# Just in case Tivo forgot...



## eboydog (Mar 24, 2006)

Really would like Android support for Stream....


----------



## bradleys (Oct 31, 2007)

Margret's typical day at TiVo:

Swinging by the grocery store to pick a few things up today... Hmm, eggs - check, milk - check, bread - check... Damn, I forgot Android support for stream again!


----------



## moedaman (Aug 21, 2012)

Honestly, at this point, I really doubt that Tivo forgot about Android support. For whatever reason, they just aren't going to do it.


----------



## Dan203 (Apr 17, 2000)

Latest rumor says it got pushed to June. 

That's nearly two full years after the initial release.


----------



## unitron (Apr 28, 2006)

Dan203 said:


> Latest rumor says it got pushed to June.
> 
> That's nearly two full years after the initial release.


Let's just say that the code name is Duke Nukem Forever.


----------



## Dan203 (Apr 17, 2000)

LOL that did eventually get released. Just 9 years late.


----------



## unitron (Apr 28, 2006)

Dan203 said:


> LOL that did eventually get released. Just 9 years late.

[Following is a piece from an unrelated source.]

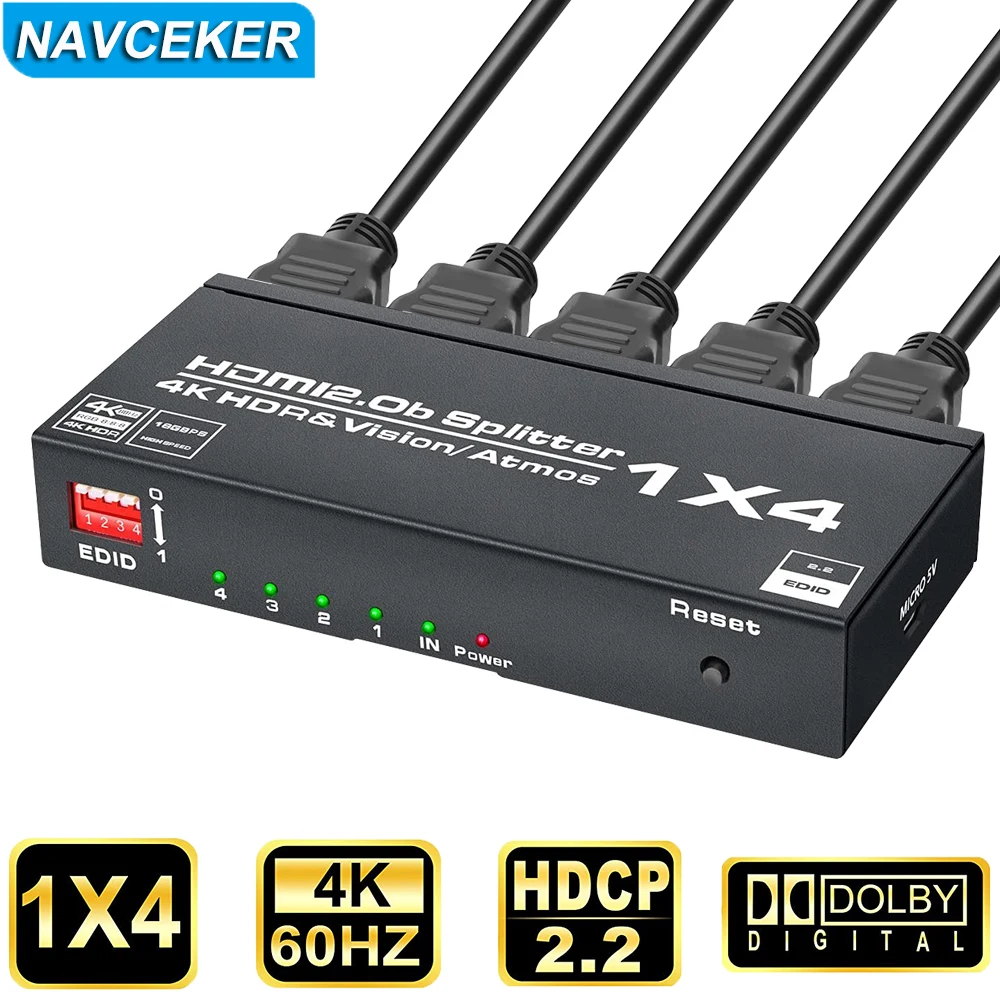Comprar Navceker-Divisor HDMI 1 en 2, duplicador a 4 pantallas HDMI, 4K @ 60Hz, con escalar HDR, Cable HDMI de alta velocidad, compatible con HDCP 2,2

Didn't it still beat the latest DirecTiVo to market?


----------



## Dan203 (Apr 17, 2000)

Not quite. I was wrong about the 9 years DNF was announced in 1997 and released in 2011. That's longer then TiVo has even been in business.


----------



## Joe01880 (Feb 8, 2009)

eboydog said:


> Really would like Android support for Stream....


What he said, please!


----------



## eboydog (Mar 24, 2006)

*OK, really.... Now I have a Stream, I really would like to be able to watch Tivo on my Samsung tablet*!

Let me guess, rooted Android tablets will be shunned?


----------



## Dan203 (Apr 17, 2000)

eboydog said:


> *OK, really.... Now I have a Stream, I really would like to be able to watch Tivo on my Samsung tablet*!
> 
> Let me guess, rooted Android tablets will be shunned?


Jailbroken iOS devices are, but then there are ways to modify the app so that it can't tell your device is jailbroken. Someone will likely figure out something similar for rooted Android devices.


----------



## StevesWeb (Dec 26, 2008)

Dan203 said:


> Latest rumor says it got pushed to June.


Was a specific year mentioned?


----------



## eboydog (Mar 24, 2006)

I could be a smart you know what and ask is they will also support BlackBerry Playbook!

Some would ask if BlackBerry is still in business!!

*COME ON TIVO, MAY WE PLEASE HAVE ANDROID STREAM?? * (this year!)


----------



## sd1236 (Mar 28, 2010)

should be able to stream without having to record.


----------